There are many wonderful aspects associated with roasting a chicken. First, it fills your house with a wonderful smell; second, you have a beautiful and delicious chicken for dinner; third, if you plan ahead and buy an appropriately sized chicken, you’ll have “plan-overs” for other meals — think chicken enchiladas or sliced chicken for sandwiches; lastly it’s a meal that everyone (vegetarians excluded) will eat.
The recipe below comes from my days in Italy where we called Sicilian Chicken “Dirt Fried Chicken;” we called it that because the rotisseries were literally right beside busy highways; you took your life in your hands stopping to purchase one and it was clear that road dirt added an unusual “flavoring spice” to the birds. As my son said “It was worth it!” We rarely made it home before he was snacking on whatever he could pick off the hot bird; this from a child who ate spaghetti with butter for our two years living in Italy.
- rules of roasting
- what kind of salt do I use?
- how about a side of gnocchi? for that wonderful sauce!!

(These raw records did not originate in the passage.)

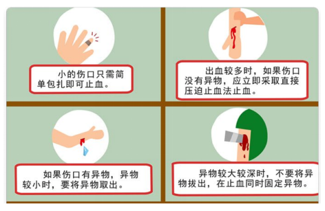 点击左上方蓝字 关注濉溪县医院订阅号 日常生活中,扭伤、挫伤、伤口出血、烧、烫伤之类的事有时无法避免。较严重的伤口或肢体创伤如果没有得到及时处理,几小时之内可能就会引起感染或出现功能障碍等并发症。适当的处理则能减少并发症的发生。一、擦伤、割伤 如果仅是擦伤或表皮割伤,可先用生理盐水清洗伤口(如条件有限可用清水),再用碘伏等擦涂在伤口上,然后用创可贴包好伤口。隔1-2天打开观察,并用碘伏等消毒创面。如果伤口较深,流血较多,用无菌纱布紧紧地压住伤口。 什么时候该去医院?1、压住伤口时间超过5分钟仍未止血;2、被动物或人咬伤出血的;3、伤口很深或者划开了口子;4、被玻璃或金属嵌入、扎入;5、不感到伤口疼,有可能已伤了该处的神经;6、伤处活动受限,有可能肌腱损伤;7、伤口红肿热痛,有脓液,出现感染的迹象。邮箱:380507208@qq.com
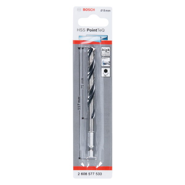 8 mm-es, hatszögletű fúrószár fémhez, HSS POINTTEQ; fúrógépekhez, csavarozókhoz, ütvefúrókhoz, ütvecsavarozókhoz. Hatlapú befogószárral rendelkező PointTeQ HSS csigafúró, amely gyors megmunkálást tesz lehetővé fémek fúrásakor. Nagy fúrási sebessége csökkenti a hőfejlődést és a fúrószár kopását; PointTeQ csúcsa folytonos élességet és hosszú élettartamot biztosít. Az önközpontosító csúcs meggátolja a fúró elmozdulását a fúrás gyors megkezdéséhez; oxid bevonatos spirálja gyors forgácseltávolítást biztosít. Hatlapú befogószár a maximális erőátvitel érdekében, szabványos hárompofás fúrókhoz és hatszögű fúró-, csavarozógép tokmányokhoz.
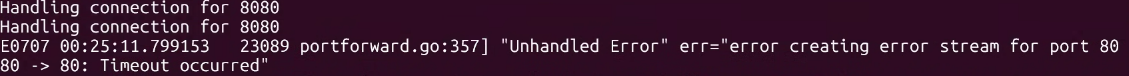 an error occurred forwarding 8080 -> 80: error forwarding port 80 to pod e5805d80406543402a2e0bdc39f0803c73310a71868e03c60f41bb247f6c27fa, uid : exit status 1: 2025/07/06 15:30:00 socat[16358] E connect(5, AF=2 127.0.0.1:80, 16): Connection refused
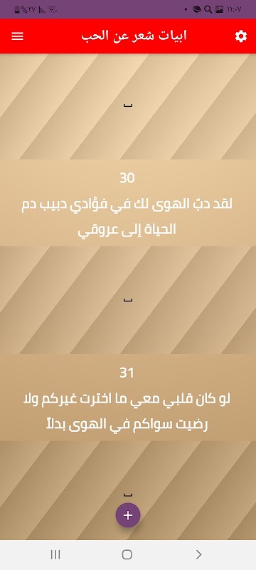 يحتوي التطبيق على أكثر من ٥٠ بيت من اجمل الأشعار عن الغرام لمختلف الشعراء
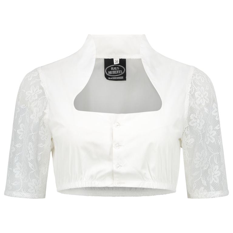 Elegant blousje voor onder een dirndl. Het heeft kanten mouwtjes dit zorgt voor een moderne uitstraling onder de traditinele tirolerjurkjes. 100% katoen dat geeft extra draagcomfort.
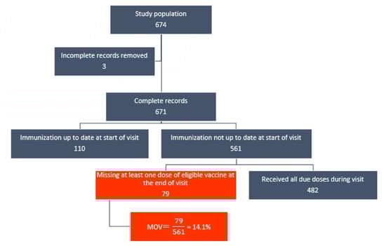 After excluding children who were up to date at the time of exit interview (110) and those with incomplete records (4), the remaining 561 children were included as denominator for the MOV analysis. Of these, 79 (14.1%) experienced MOV in at least one eligible vaccine dose. Figure 1 below illustrates the estimation of MOV prevalence. Variations in the prevalence of MOV were observed across a number of individual- and facility-level variables.
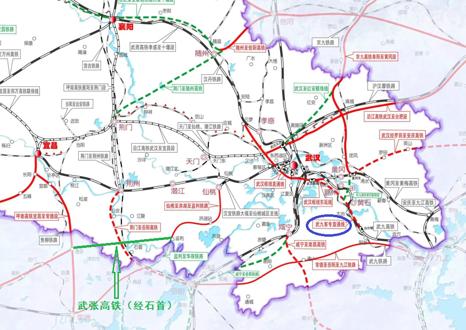 武九高铁直通线项目已纳入《武鄂黄黄规划建设纲要大纲》。该项目即“福银高铁补强工程”,在武汉枢纽直通线东延线规划基础上新建武汉新城站—黄石白沙铺段,长约75公里,拟规划时速350公里。
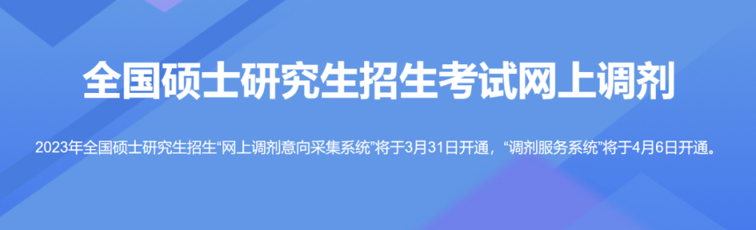 2023年全国硕士研究生招生网上“调剂意向采集服务系统”将于3月31日开通,“调剂服务系统”将于4月6日开通。请有调剂意愿的考生密切关注“中国研究生招生信息网”(网址:https://yz.chsi.com.cn/;微信公众号:chsiyz),届时登录调剂系统和招生单位网站,查询招生单位调剂相关信息,按要求填报调剂志愿。

- planover chicken enchiladas
- planover cock-a-leekie pie
Here are some tips for knowing when the chicken is done:
- internal temperature of 155°F
- legs barely wobble, watch the video
- last juices run clear
- 1 roasting chicken about 4 pounds
- salt and pepper
- 1-2 tablespoons olive oil
- 1 handful of fresh rosemary sprigs
- 1 lemon pricked around with fork
- fresh parsley
- lemon slices or wedges
Combination roasting method:
Preheat oven to 450°F. Wash and dry chicken. Salt and pepper cavity of chicken; place rosemary and lemon inside cavity. Rub outside of chicken generously with olive oil. Truss chicken if desired. Place chicken on a rack in roasting pan.
Roast 15 minutes at 450°F. Baste with additional olive oil. Sprinkle chicken generously with salt after browning has begun. Reduce heat to 350°F and continue basting every 15 to 30 minutes. Roast until chicken is done, about 1 1/2 - 2 hours, until internal temperature reaches 160°F, and juices run clear (this will result in really lemony, flavorful chicken). Remove from heat, tent with foil, let stand 10 minutes before carving.
Serve on a bed of parsley and lemons.
Sauce for Sicilian Chicken:
Remove the chicken and the roasting rack from the roasting pan.
After removing chicken from the roasting pan, take the lemon out of the cavity, squeeze out some lemon juice for the sauce into the roasting pan.
If the roasting pan can be used on the stovetop, place it on the burner and add one small minced shallot. Cook 2 to 3 minutes. In a small bowl, make a slurry by stirring together 1 tablespoon of arrowroot or cornstarch with 2 tablespoons dry white wine; set aside. To the roasting Add ½ to 1 cup of dry white wine, the lemon juice from the chicken. Bring to a boil; add the slurry to the sauce. Simmer until ready to serve.